Retenons deux choses de la figure de la fin esquissée par Kojève. Premièrement, la fin est déjà présente, selon la stricte logique de la Phénoménologie de l’esprit, du moins virtuellement dans certaines régions historiquement en avance (ce qui exclut le Québec, toujours en manque de reconnaissance) [35]. Deuxièmement, on peut déceler une logique messianique à même cette figure de la fin, notamment à travers la logique de la séparation appelée à retarder l’avènement de cette fin dans ce qu’on peut désigner avec Franz Kafka un « atermoiement infini » de la « Conscience-de-soi ». Ceci nous ramène à Victor-Lévy Beaulieu, car la dimension politique de la figure du Livre se tient dans l’intrication entre promesse d’une oeuvre permettant de fonder l’histoire et imminence de la fin de cette même histoire. L’oeuvre de Beaulieu n’est pas seulement messianique par son principe d’inachèvement, elle l’est aussi parce qu’elle met aux prises deux temps qui se nouent dans la « figure du présent » de l’écriture : le temps du Livre, qui permettrait de sauver le passé déliquescent de l’histoire québécoise ; et le temps de la fin qui préside à cette vaste entreprise de totalisation que constitue l’oeuvre de Beaulieu. Contre toute hantise de la fin, l’écriture est d’abord l’expérience du temps. Non pas de l’instant, mais de tous les temps, « tout à la fois son propre passé et son propre devenir » (NP, 142), dans une historicité renouvelée qui vise à prendre le relais de la « gigantesque anecdote » ayant remplacé l’Histoire (SB, 41). Faisant fi de l’historicisme qui nourrit paradoxalement nombre de ses énoncés sur l’histoire, l’oeuvre de Beaulieu permet ainsi d’entrevoir une expérience de l’énonciation qui se projette sans cesse dans le devenir comme recherche de l’origine. Malgré la somme des énoncés tributaires de la hantise de la fin, l’écriture de Beaulieu fait montre d’une tout autre logique, inconsciente, qui permet de concevoir une historicité proprement québécoise qui échapperait aux apories de l’historicisme.

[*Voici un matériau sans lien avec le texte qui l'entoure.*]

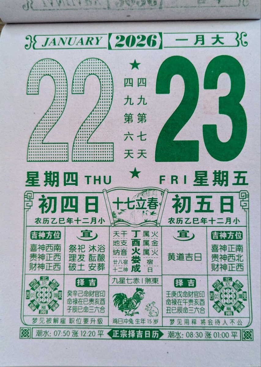 На стене висит отрывной китайский календарь – источник мудрости, а также бодрости 22 января 2026 года, четверг Лунный календарь: 4-й день 12-го лунного месяца Циклическая дата (干支): день Дин-Ю (丁酉) Знак года: Змея Солнечный термин: начало весны (立春) Активная звезда дня: 7-я алая звезда, направление – восток День считается умеренно благоприятным и подходит для ритуальных и личных действий: очищения, омовения, ухода за собой, стрижки, а также для решения бытовых вопросов. Допустимы спокойные завершения и прощания с устаревшим. Активная 7-я алая звезда усиливает импульсивность и резкие слова, поэтому важно контролировать эмоции и избегать конфликтов. Направления удачи: бог радости – юго-запад, бог помощи и поддержки – запад, бог денег – запад. Сны, в которых удаётся снять обвинения, оправдаться или освободиться от давления, указывают на скорое разрешение напряжённой ситуации и рост профессионального статуса. Символ дня: Петух и Кролик. Петух символизирует прямоту и демонстративность, Кр
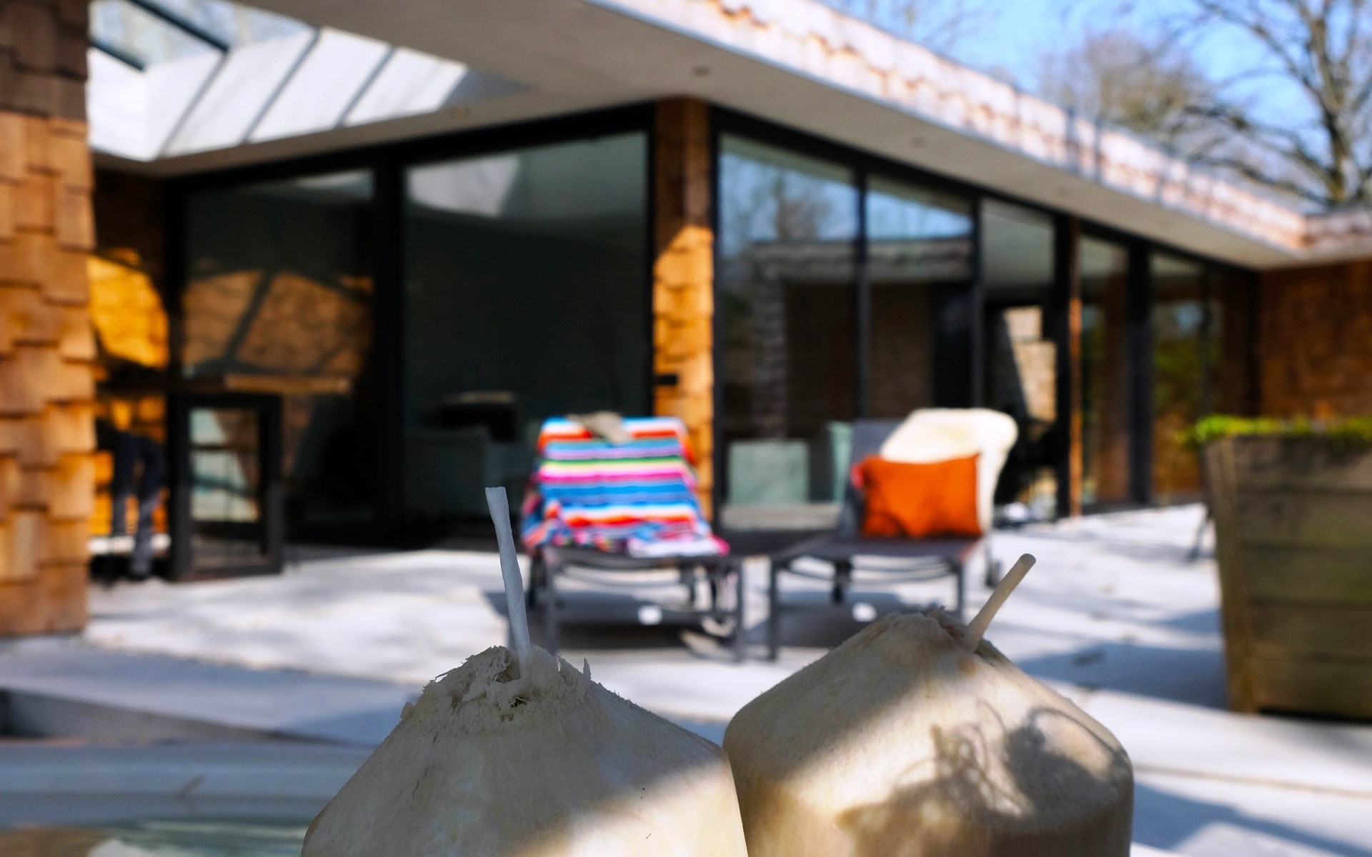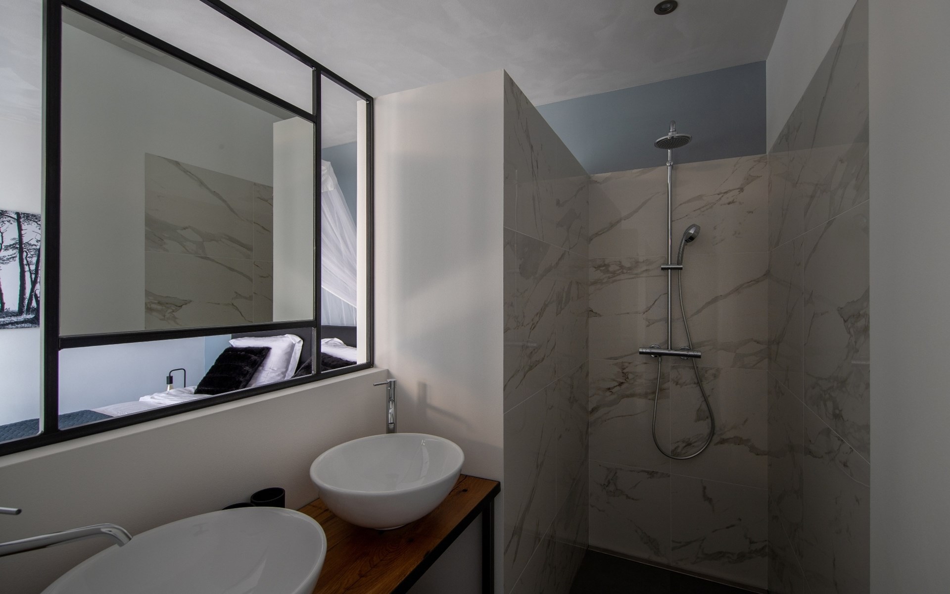 Open kitchen with a large work surface, ceramic cooktop, dishwasher, large refrigerator, small freezer, oven, Nespresso machine (bring your own pods) and Quooker. Wooden dining table with 4 chairs. The terrace at the front borders the kitchen, where the sliding door can also be opened, making it a lovely spot to enjoy the morning sun, with 2 chairs available. The first bedroom has a double bed and a safe. It also has an en-suite bathroom with a walk-in (rain) shower, double sink, and toilet. The second bedroom is accessible via the terrace and is located in a separate space. It features twin beds (single mattresses and duvets) and hanging/storage space for your clothing. The en-suite bathroom has a walk-in (rain) shower, double sink, and toilet. Between the living room and the second bedroom, there is a covered area with a high table and chairs, a nice spot to enjoy a drink.

La lutte des frères : messianité et messianisme du livre

Si tu rencontres Dieu, tue-le, ce n’est pas lui.

Maxime bouddhiste

Si tu écris le Livre, détruis-le, ce n’est pas lui.

Axiome déduit de La grande tribu

De quoi parle-t-on lorsqu’on évoque le messianisme ? Apparemment de plus d’une chose car ce concept, devant rendre compte de l’histoire, dispose lui-même d’une histoire plurielle, qui a joué un rôle déterminant dans l’historiographie du Québec [36]. Même si l’historicisme en est le concept sécularisé, le messianisme reste sans doute plus riche en terme de potentialité interprétative. Encore faut-il apporter quelques distinctions. De prime abord, on dira que le messianisme ne se donne pas comme une fiction de la fin, mais bien comme la relation entre une eschatologie espérée et le présent de cette évocation. Le messianisme serait donc une figure de la fin, c’est-à-dire une contraction du temps, une pliure du passé sur le futur — ou du futur sur le passé — avec le présent comme impératif d’achèvement. C’est le principe d’inachèvement temporel qui permet l’accomplissement de cet impératif d’ordre éthique. La catégorie de « temps messianique » désigne donc avant tout cette tension entre l’attente et le prolongement incessant de cette attente, même si elle repose sur une exigence d’achèvement. Gérard Bensussan écrit ainsi que « le messianique ne qualifie pas le futur tel qu’il distend la relation présent/futur, il est cette relation elle-même, c’est-à-dire une expérience du temps qui supporte ici et maintenant son interruption et même l’exige d’un présent toujours à achever [37] ». L’intérêt de reprendre la question du messianisme à propos de Beaulieu, malgré ou en raison de cet autre « messianisme canadien-français », qui disait tout autre chose, consiste à pouvoir envisager une transcendance opérant à l’intérieur de l’immanence de l’histoire. Dans la perspective de l’écrivain, le messianisme permet de considérer la fonction prédicative de La grande tribu sur le reste de l’oeuvre, constamment rappelé à son insuffisance en regard d’une histoire qui fait défaut et qui exige restauration. L’oeuvre de Beaulieu se donne à lire comme ce reste immanent qui prolifère, mais qui risque de s’interrompre dans l’accomplissement du Livre, qui est peut-être aussi le silence de la « souveraine poésie ».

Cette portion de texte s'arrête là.